Section 139 will allow ERC member companies to provide substantial aid to their own employees who are affected by Hurricane Katrina without incurring liability for employment tax. For example, temporary living, home repairs, and other benefits can be provided without tax consequence.

Ending uncertainty caused by a 2004 IRS Legal Memorandum (ILM 200431012, June 29, 2004) that treated as taxable to the recipients grant payments made under FEMA programs to mitigate flood losses by elevating structures located in flood-prone areas, Congress amended section 139 in 2005 to permit exclusion of these payments as well. See section 139(g).

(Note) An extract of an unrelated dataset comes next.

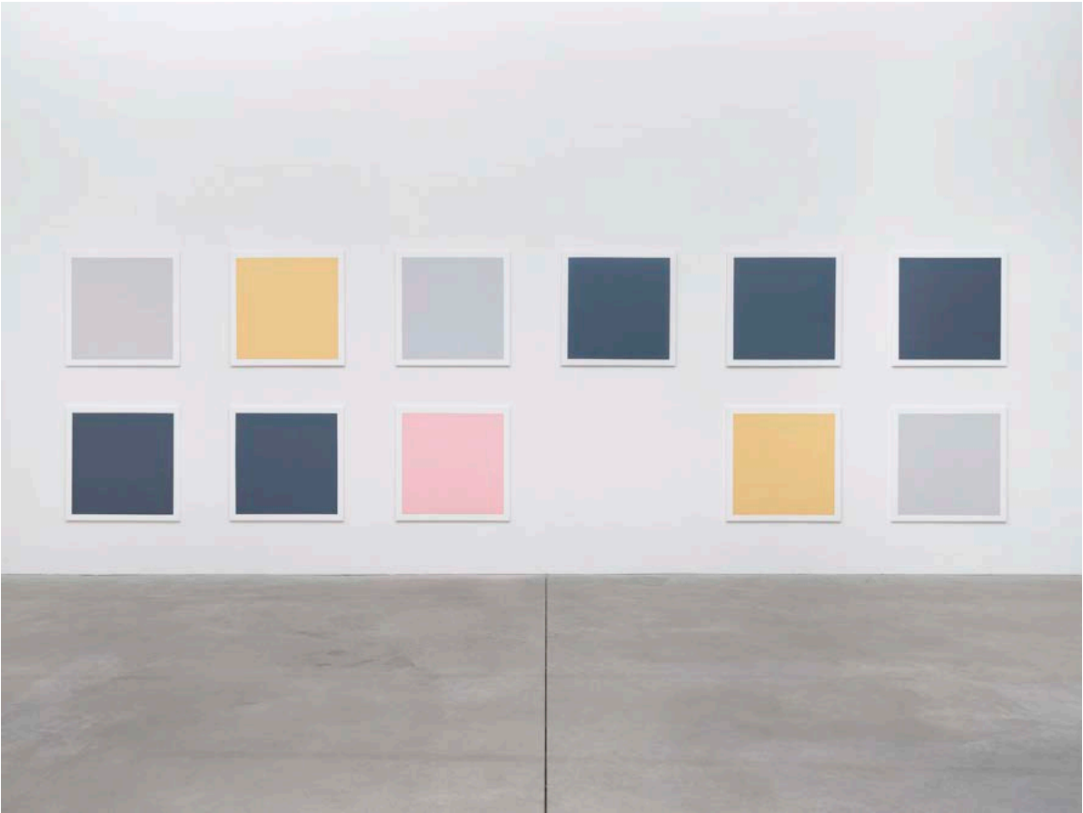
The Faculty of Mimesis, 2017

Note, however, that IRS has held that disaster relief grants to businesses do not qualify for exclusion, either under section 139 or as gifts or general welfare payments. See Rev. Rul. 2005-46, 2005-30 IRB 120.

Disaster Area Losses Deductible Early

Under section 165(i) of the Code, both business and individual taxpayers can elect to deduct casualty losses incurred in presidentially declared disaster areas on a return or amended return for the year that precedes the year of the loss. That is, taxpayers who suffered casualty losses (for example, to their home or their business inventory) as a result of Hurricane Katrina can elect to amend their 2004 returns to claim the losses early, rather than waiting to claim them on 2005 returns that are not filed until 2006. As a result, taxpayers can get a refund of 2004 taxes to assist with replacing or repairing the damaged property. Losses are not deductible, however, to the extent compensated by insurance or otherwise (for example, by disaster relief payments). This provision is explained in more detail in Publication 547, noted above.

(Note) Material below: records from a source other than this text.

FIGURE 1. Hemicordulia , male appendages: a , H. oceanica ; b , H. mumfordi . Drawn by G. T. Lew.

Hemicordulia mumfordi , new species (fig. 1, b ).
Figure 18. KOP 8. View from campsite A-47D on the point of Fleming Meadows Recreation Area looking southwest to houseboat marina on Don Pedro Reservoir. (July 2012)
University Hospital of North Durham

Optional Mileage Rates Increased

Due to the recent increases in fuel prices, the IRS has revised the optional standard mileage rates for use of an automobile for business, medical, or moving expense purposes. Announcement 2005-41 (September 9, 2005). The new rates are 48.5 cents per mile for business use (up from 40.5 cents) and 22 cents per mile for medical and moving, up from 15 cents. The new rates are effective for travel on or after September 1, 2005.

Qualified Plans

On September 6, 2005, the IRS, the Labor Department's Employee Benefit Security Administration and the Pension Benefit Guarantee Corporation jointly announced an extension of the period during which certain employee benefit plans may make required minimum funding contributions or apply for waivers. Such plans will have until October 31, 2005 , to act. Notice 2005-60 (2005-39 IRB 1). The IRS said it is also working on guidance to ease the making of hardship distributions from deferred compensation plans.